- [What to work on]: Nothing outside the lines below from the one containing "Madrassen er 120x60" through the one containing "Glasperlen, Biwa Perlen & Silber/vergoldet" is to be printed; print those exactly, ends included, and drop the pictures.

- [Raw data]:
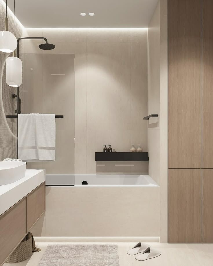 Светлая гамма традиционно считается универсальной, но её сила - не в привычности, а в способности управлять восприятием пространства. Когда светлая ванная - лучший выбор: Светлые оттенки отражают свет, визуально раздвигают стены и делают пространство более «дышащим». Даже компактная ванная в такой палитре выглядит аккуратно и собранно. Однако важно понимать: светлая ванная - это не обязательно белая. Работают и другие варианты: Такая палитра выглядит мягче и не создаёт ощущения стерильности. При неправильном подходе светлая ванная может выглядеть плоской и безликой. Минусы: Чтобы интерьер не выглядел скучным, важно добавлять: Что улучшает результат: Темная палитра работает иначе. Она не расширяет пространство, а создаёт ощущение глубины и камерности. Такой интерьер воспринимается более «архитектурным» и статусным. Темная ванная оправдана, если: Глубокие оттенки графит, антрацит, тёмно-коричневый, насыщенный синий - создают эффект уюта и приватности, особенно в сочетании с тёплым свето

==

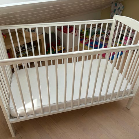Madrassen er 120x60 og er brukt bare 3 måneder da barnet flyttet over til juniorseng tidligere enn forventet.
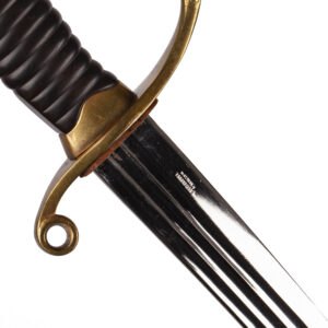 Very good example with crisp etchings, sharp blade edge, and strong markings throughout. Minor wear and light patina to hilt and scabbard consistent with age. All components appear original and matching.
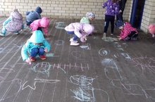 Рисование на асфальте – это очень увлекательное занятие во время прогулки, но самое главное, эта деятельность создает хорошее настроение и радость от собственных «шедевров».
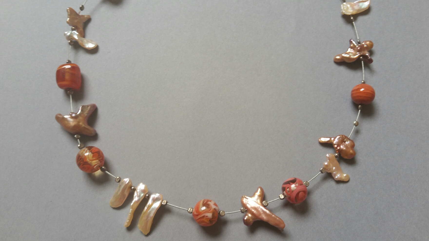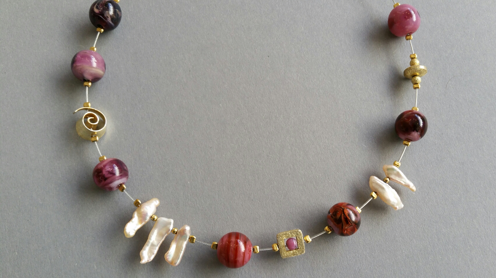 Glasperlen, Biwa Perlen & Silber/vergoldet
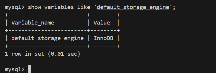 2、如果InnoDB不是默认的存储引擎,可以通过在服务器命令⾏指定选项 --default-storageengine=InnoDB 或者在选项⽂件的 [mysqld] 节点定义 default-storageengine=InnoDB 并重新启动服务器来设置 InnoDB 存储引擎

...

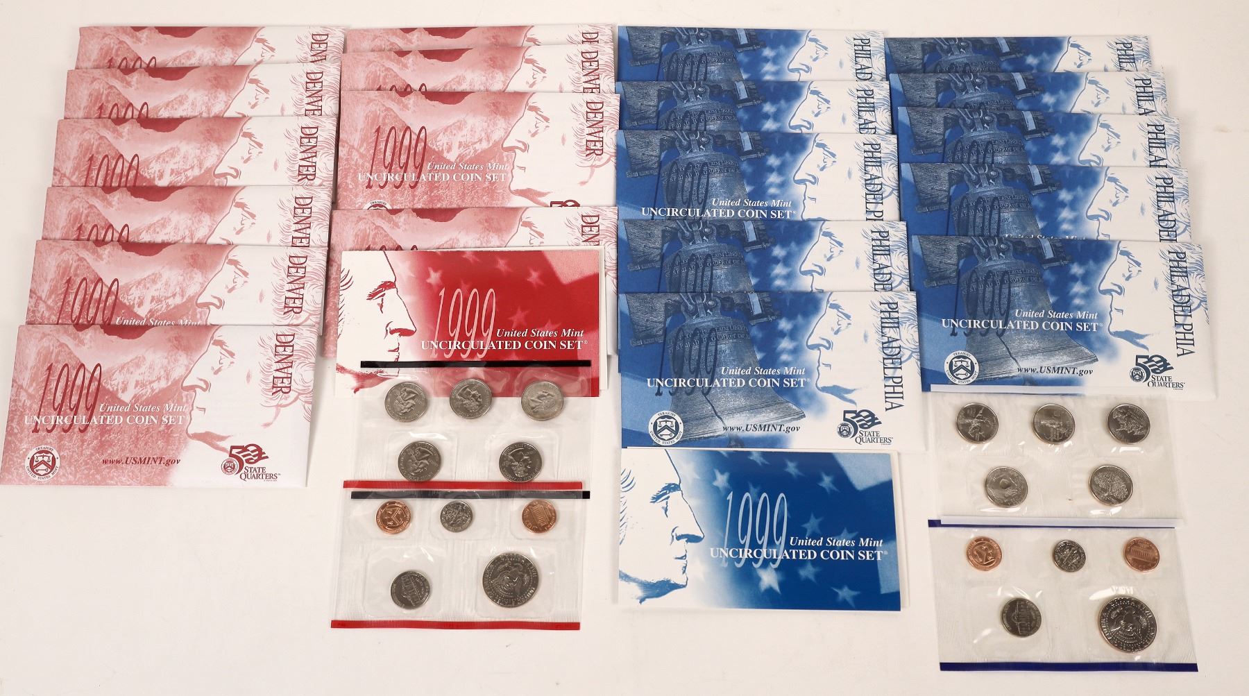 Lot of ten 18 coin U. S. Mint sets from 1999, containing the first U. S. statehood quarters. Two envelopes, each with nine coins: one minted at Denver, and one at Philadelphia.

- [Exercise response]:
Madrassen er 120x60 og er brukt bare 3 måneder da barnet flyttet over til juniorseng tidligere enn forventet.
 Very good example with crisp etchings, sharp blade edge, and strong markings throughout. Minor wear and light patina to hilt and scabbard consistent with age. All components appear original and matching.
 Рисование на асфальте – это очень увлекательное занятие во время прогулки, но самое главное, эта деятельность создает хорошее настроение и радость от собственных «шедевров».
 Glasperlen, Biwa Perlen & Silber/vergoldet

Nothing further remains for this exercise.